Retype, word for word, every line of the records below starting at the one that contains "Na auf meinen" and ending at the one that contains "Para responder esta"; include both of those lines and nothing more.
Top of GIVEN RECORDS
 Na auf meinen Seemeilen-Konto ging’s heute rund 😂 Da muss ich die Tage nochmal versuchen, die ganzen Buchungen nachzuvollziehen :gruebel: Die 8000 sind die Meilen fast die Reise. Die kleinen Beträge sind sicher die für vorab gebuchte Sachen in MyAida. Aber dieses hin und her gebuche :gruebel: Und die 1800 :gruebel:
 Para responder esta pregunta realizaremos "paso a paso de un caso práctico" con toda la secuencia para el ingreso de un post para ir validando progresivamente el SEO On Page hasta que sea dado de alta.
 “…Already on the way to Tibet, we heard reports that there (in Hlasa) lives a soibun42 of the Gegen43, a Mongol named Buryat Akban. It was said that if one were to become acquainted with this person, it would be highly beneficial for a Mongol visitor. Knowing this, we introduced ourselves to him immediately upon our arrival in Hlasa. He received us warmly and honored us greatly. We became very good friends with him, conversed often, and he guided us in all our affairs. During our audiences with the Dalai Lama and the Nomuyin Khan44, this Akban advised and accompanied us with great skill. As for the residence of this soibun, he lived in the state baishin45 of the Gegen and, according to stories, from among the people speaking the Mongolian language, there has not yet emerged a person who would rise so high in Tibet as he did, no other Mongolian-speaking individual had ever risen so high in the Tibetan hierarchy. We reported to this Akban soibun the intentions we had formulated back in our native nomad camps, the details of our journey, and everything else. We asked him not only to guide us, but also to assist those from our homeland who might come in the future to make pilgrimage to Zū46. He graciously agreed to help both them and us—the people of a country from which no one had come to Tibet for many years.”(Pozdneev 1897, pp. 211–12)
Bottom of GIVEN RECORDS
Top of GIVEN RECORDS
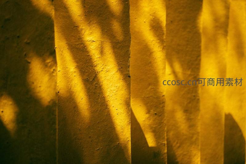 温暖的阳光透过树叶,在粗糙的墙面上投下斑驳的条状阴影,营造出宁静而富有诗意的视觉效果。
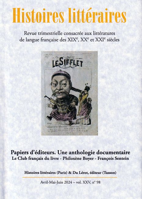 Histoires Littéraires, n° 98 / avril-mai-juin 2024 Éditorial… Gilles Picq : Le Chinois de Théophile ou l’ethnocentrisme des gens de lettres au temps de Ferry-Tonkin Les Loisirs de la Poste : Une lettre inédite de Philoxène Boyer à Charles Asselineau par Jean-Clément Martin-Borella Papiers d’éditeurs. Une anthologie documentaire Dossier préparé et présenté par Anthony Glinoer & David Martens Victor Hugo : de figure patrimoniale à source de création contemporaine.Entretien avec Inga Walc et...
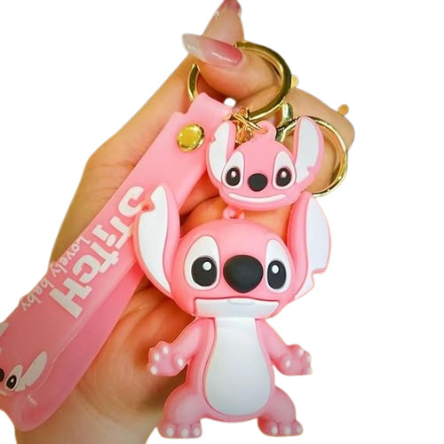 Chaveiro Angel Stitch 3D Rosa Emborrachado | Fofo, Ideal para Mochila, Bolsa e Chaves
Bottom of GIVEN RECORDS
Top of GIVEN RECORDS
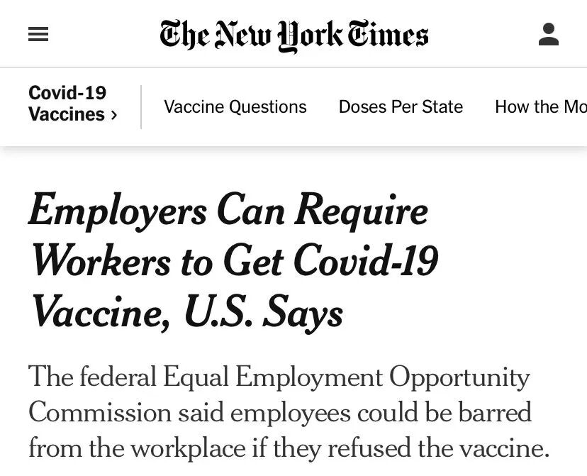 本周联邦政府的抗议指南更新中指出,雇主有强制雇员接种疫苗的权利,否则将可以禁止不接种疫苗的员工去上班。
Bottom of GIVEN RECORDS
SOLUTION FOR THIS EXERCISE:
 Na auf meinen Seemeilen-Konto ging’s heute rund 😂 Da muss ich die Tage nochmal versuchen, die ganzen Buchungen nachzuvollziehen :gruebel: Die 8000 sind die Meilen fast die Reise. Die kleinen Beträge sind sicher die für vorab gebuchte Sachen in MyAida. Aber dieses hin und her gebuche :gruebel: Und die 1800 :gruebel:
 Para responder esta pregunta realizaremos "paso a paso de un caso práctico" con toda la secuencia para el ingreso de un post para ir validando progresivamente el SEO On Page hasta que sea dado de alta.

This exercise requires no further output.